Changes to trial protocols require the approval of an Institutional Review Board (IRB) or the Independent Ethics Committee (IEC). Mohan said that the Drugs Controller General of India was informed of the change in the number of participants.
While documents reveal that the trials were supposed to be an “adaptive, seamless study” — which means changes to protocols could be carried out — there were no disclosures about the changes in the studies that were later published.
Changes to trial protocols
Internal documents reveal that major changes were made to the Phase II trial protocols, or set of procedures, to test the vaccine’s efficacy and safety.
The initial trial protocol dated 17 August 2020 was set to have three trial groups or arms. Two groups of 300 participants each were supposed to receive the vaccine in different doses, while the third group would have been the control group that receives a placebo.
Having a control group is a standard procedure in any clinical trial as it helps rule out any biases in the study design. This group helps researchers collect data on what happens when participants do not receive a drug in the controlled setting.
However, in the amended trial protocol data as of 2 September 2020, the number of participants were reduced to 190 in the first two groups, while the control group was done away with altogether.
The reason mentioned for doing so in these documents was to expedite the trial, as the world was facing a pandemic and India was still in need of a vaccine.
Moreover, the approval for Phase III trials was given on 10 October 2020, before the Phase II trials were completed, documents accessed by ThePrint show.
What has Bharat Biotech said?
According to the STAT News article, Bharat Biotech executives had acknowledged that they were under “political pressure” and were focused on releasing the vaccine as soon as possible.
In a statement after the article was published, however, Bharat Biotech raised strong objections to how it had been characterised.
“There was no external pressure to accelerate development… The pressure was all internal to develop a safe and effective vaccine for the Covid-19 pandemic, to save lives and livelihoods in India and globally,” the statement said.
It added that hundreds of millions of doses of Covaxin had been administered worldwide and that the vaccine had an “excellent safety record with minimal adverse events”.
The statement also elaborated at length on how the company had conducted clinical studies and developed the vaccine in accordance with global guidelines. It said that “more than 20 publications” had documented “every aspect” of the vaccine’s development.
On allegations around trial protocols, the statement said that Covaxin was evaluated in about “20 pre-clinical studies, including three challenge trials (in animals) and nine human clinical studies”.
“These trials have clearly demonstrated safety and efficacy of Covaxin,” it noted.
The statement reserved scathing words for those who it claimed were trying to “discredit” the work of Bharat Biotech.
“Vaccines against ebola and monkey pox, were approved by stringent regulatory agencies in developed countries based on Phase I and II clinical data only and without Phase III data. If such an approval was given by regulators in India, there would be an uproar, but the same people and organisations remain silent, demonstrating their hypocrisy,” the statement said.

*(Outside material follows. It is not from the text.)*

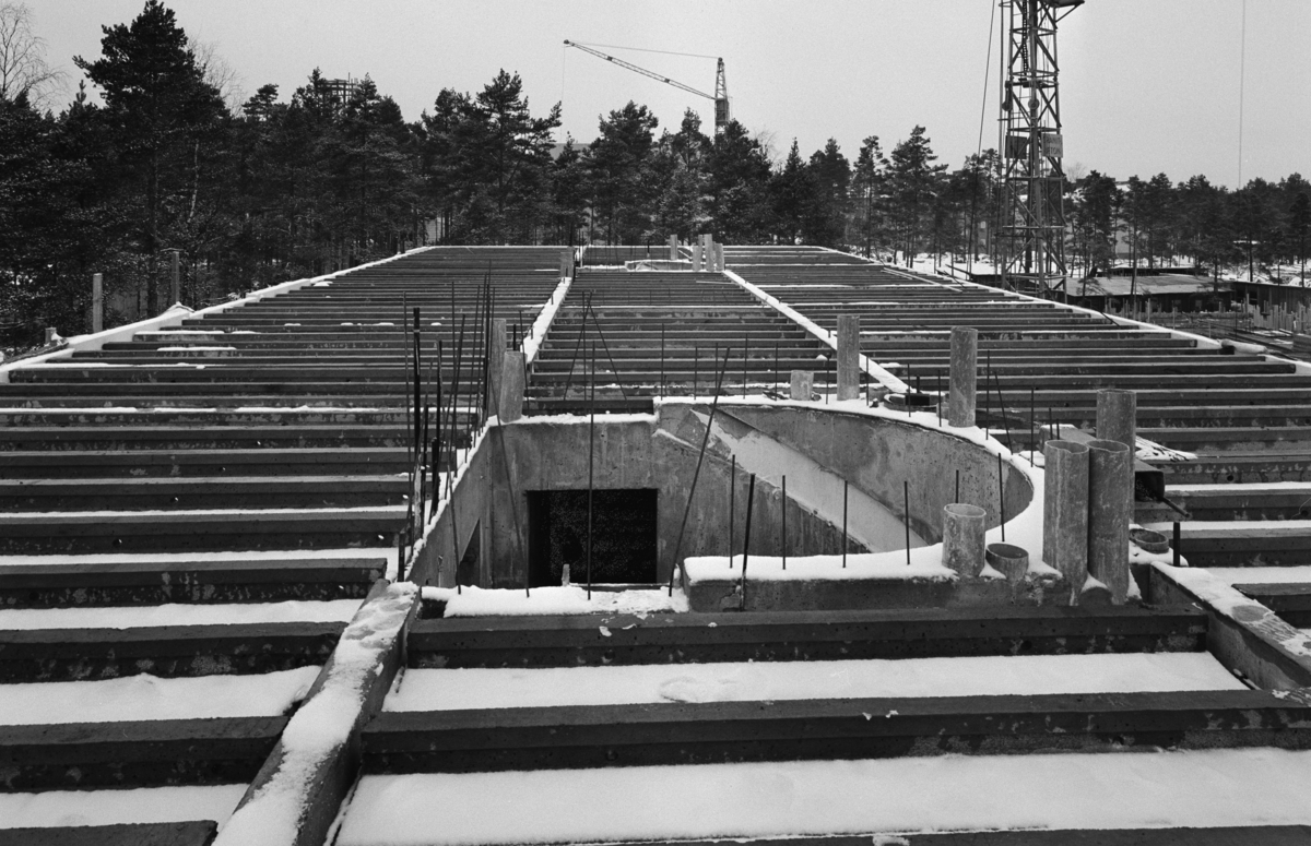 Titel: Bygge Exteriör av byggnad under uppförande med lyftkran i bakgrunden. Bilden ät tagen uppifrån.

“We condemn the targeted narrative against COVAXIN put forth by a select few individuals and groups who have no expertise in vaccines or vaccinology. It is well known that they helped perpetuate misinformation and fake news throughout the pandemic. They are unable to comprehend global product development and licensure processes,” it added.
“While these people and organisations were busy with false information and fake news during the pandemic, more than 1,000 personnel at Bharat Biotech across India were busy developing, testing, manufacturing, and distributing Covaxin”.